**Exercise instructions**
Go through the listing below and write out exactly the lines from the one that mentions "どんな急な出現でも撮り切る力" through the one that mentions "Tenth century minuscule", minus the pictures.

**Data to use**

*** Block opens ***

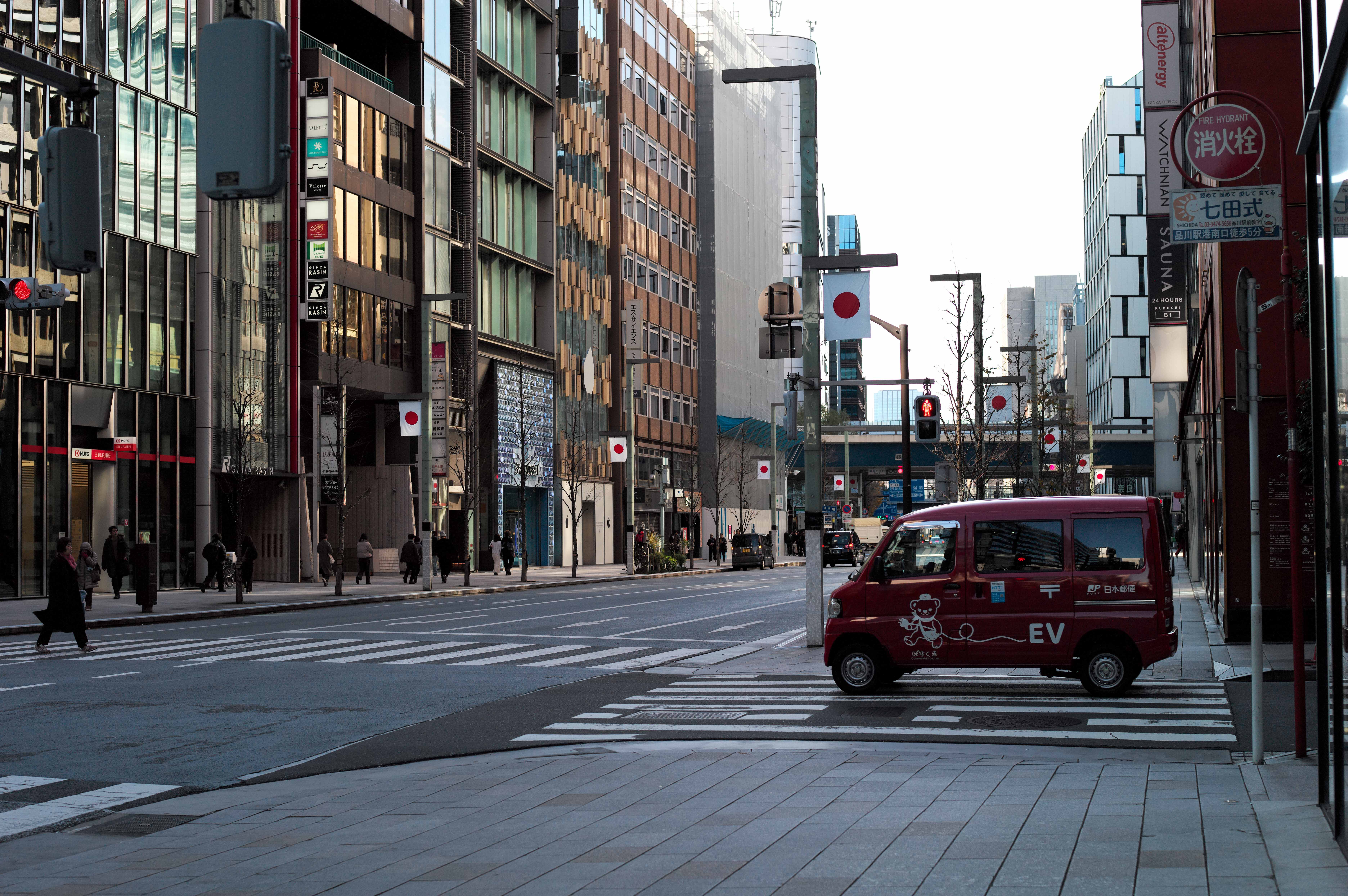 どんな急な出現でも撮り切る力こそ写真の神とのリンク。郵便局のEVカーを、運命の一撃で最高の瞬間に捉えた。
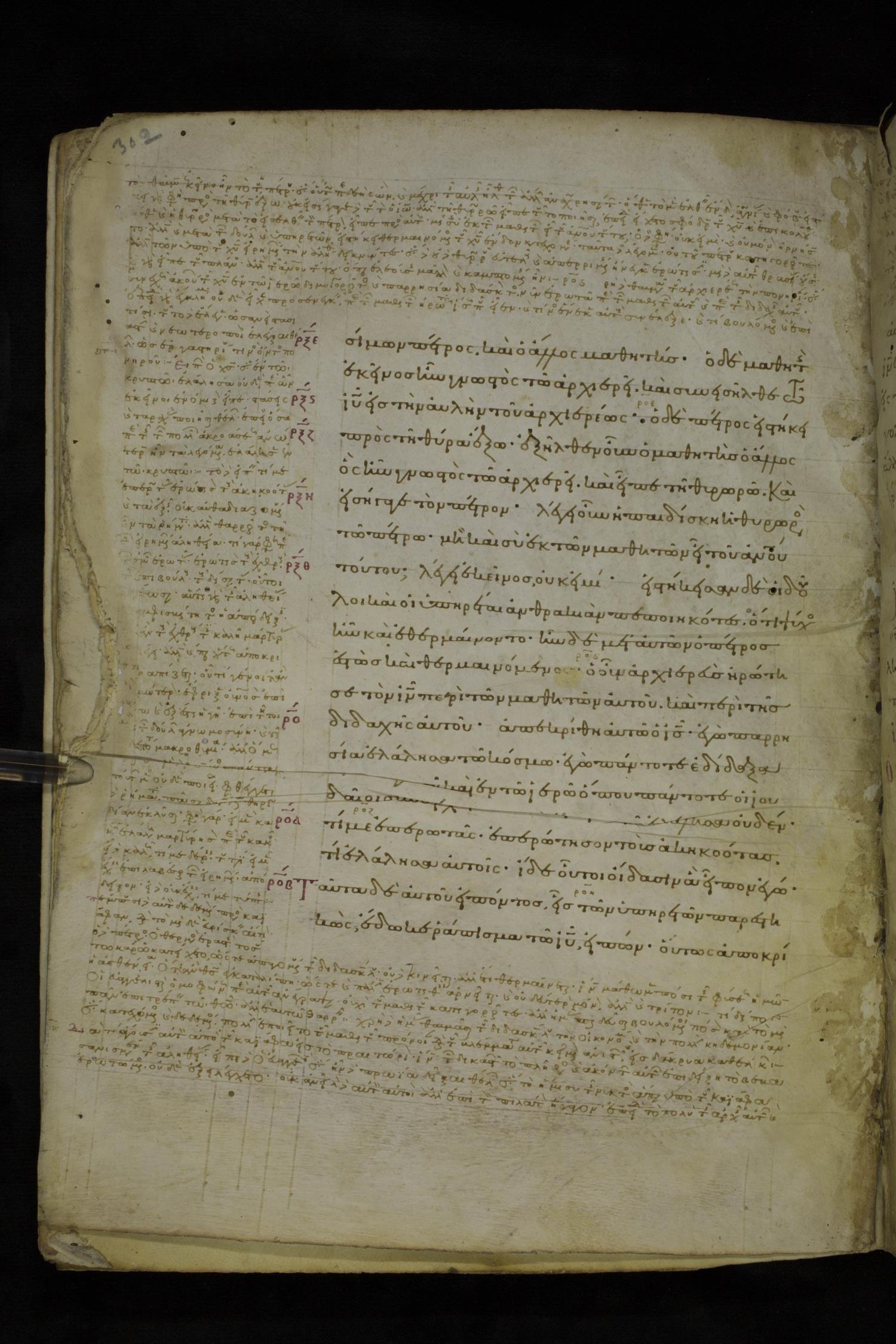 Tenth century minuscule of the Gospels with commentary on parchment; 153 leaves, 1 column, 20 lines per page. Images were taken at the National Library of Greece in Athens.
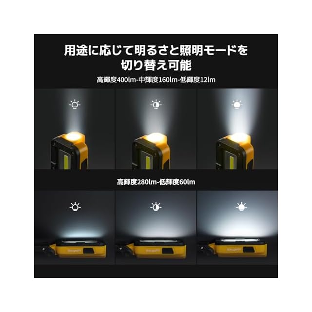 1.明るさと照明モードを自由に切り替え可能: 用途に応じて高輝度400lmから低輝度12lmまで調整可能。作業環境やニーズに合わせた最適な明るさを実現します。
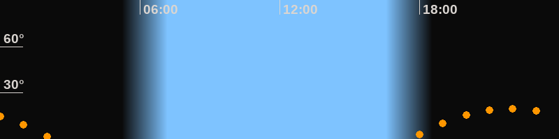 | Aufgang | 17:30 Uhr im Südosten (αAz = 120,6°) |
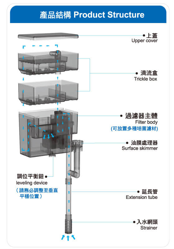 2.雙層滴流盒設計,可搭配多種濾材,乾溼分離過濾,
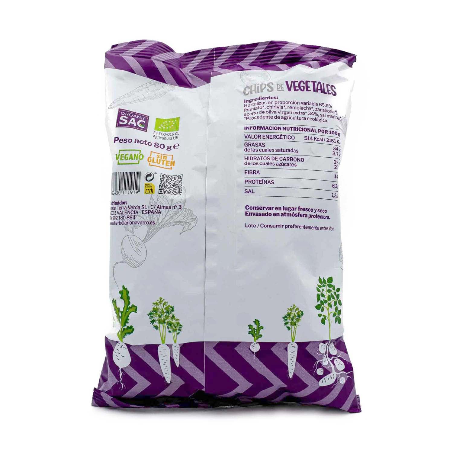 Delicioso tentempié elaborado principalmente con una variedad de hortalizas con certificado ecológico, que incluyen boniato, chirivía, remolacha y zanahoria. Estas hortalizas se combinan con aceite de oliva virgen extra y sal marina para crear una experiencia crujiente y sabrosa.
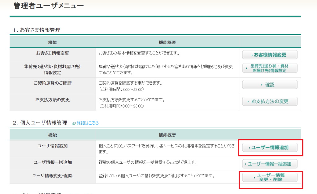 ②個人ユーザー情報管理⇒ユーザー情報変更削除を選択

*** Block closes ***
*** Block opens ***

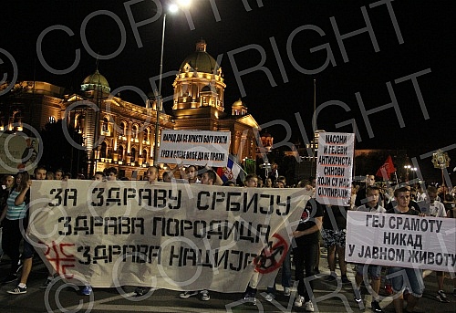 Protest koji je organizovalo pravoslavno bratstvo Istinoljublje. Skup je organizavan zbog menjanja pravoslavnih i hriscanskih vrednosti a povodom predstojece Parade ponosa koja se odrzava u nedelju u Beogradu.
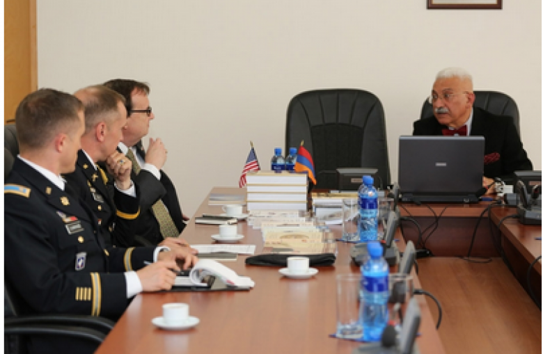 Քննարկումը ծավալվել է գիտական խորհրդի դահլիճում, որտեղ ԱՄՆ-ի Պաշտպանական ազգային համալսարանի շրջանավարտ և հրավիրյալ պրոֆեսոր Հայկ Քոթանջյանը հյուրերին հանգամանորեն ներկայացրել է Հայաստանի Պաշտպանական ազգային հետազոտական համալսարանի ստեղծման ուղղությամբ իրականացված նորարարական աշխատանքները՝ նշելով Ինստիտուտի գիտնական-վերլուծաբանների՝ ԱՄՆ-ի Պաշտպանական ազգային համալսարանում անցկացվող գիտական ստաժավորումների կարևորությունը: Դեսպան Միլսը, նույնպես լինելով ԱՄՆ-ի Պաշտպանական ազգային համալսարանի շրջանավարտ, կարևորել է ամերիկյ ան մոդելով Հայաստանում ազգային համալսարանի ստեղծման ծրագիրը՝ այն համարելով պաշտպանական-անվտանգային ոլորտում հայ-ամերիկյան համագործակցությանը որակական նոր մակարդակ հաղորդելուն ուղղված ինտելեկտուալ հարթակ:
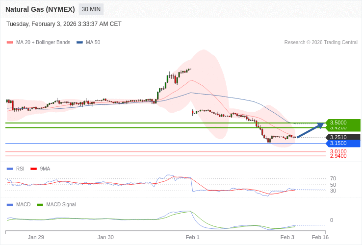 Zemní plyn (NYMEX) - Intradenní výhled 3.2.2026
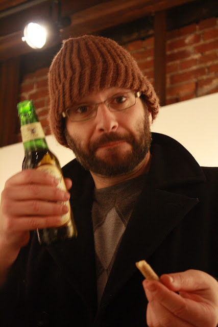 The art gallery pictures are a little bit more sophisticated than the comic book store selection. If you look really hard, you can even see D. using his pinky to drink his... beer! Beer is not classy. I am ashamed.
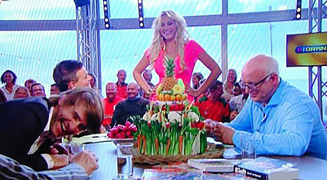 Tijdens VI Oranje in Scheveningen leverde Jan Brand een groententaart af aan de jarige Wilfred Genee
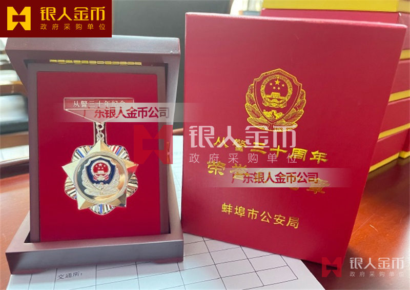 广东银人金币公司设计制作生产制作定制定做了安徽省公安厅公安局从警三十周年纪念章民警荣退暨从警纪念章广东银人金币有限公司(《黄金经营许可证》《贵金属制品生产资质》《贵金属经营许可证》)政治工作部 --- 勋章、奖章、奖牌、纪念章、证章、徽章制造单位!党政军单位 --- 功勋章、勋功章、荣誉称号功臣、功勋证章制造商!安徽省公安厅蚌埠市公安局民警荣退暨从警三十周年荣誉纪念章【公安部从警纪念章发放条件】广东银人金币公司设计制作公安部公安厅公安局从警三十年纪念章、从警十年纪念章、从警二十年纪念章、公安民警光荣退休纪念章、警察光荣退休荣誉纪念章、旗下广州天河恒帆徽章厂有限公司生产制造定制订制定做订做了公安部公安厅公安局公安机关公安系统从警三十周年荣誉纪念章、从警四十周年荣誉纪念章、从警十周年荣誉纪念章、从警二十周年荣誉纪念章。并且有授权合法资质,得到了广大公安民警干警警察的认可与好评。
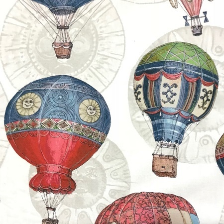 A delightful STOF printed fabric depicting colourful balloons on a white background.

*** Block closes ***
*** Block opens ***

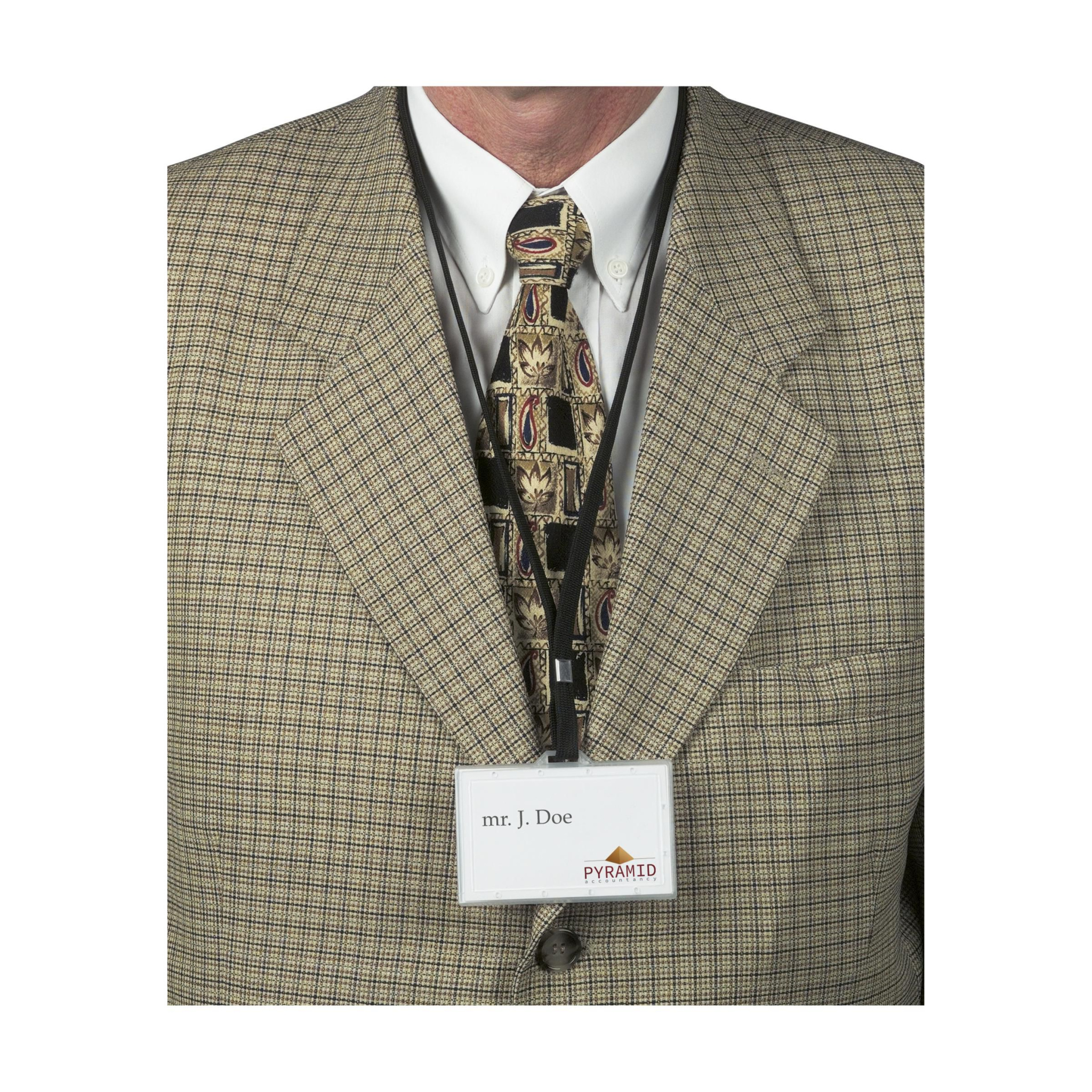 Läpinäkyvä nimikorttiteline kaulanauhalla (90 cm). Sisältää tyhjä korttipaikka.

*** Block closes ***

**Reply**
 どんな急な出現でも撮り切る力こそ写真の神とのリンク。郵便局のEVカーを、運命の一撃で最高の瞬間に捉えた。
 Tenth century minuscule of the Gospels with commentary on parchment; 153 leaves, 1 column, 20 lines per page. Images were taken at the National Library of Greece in Athens.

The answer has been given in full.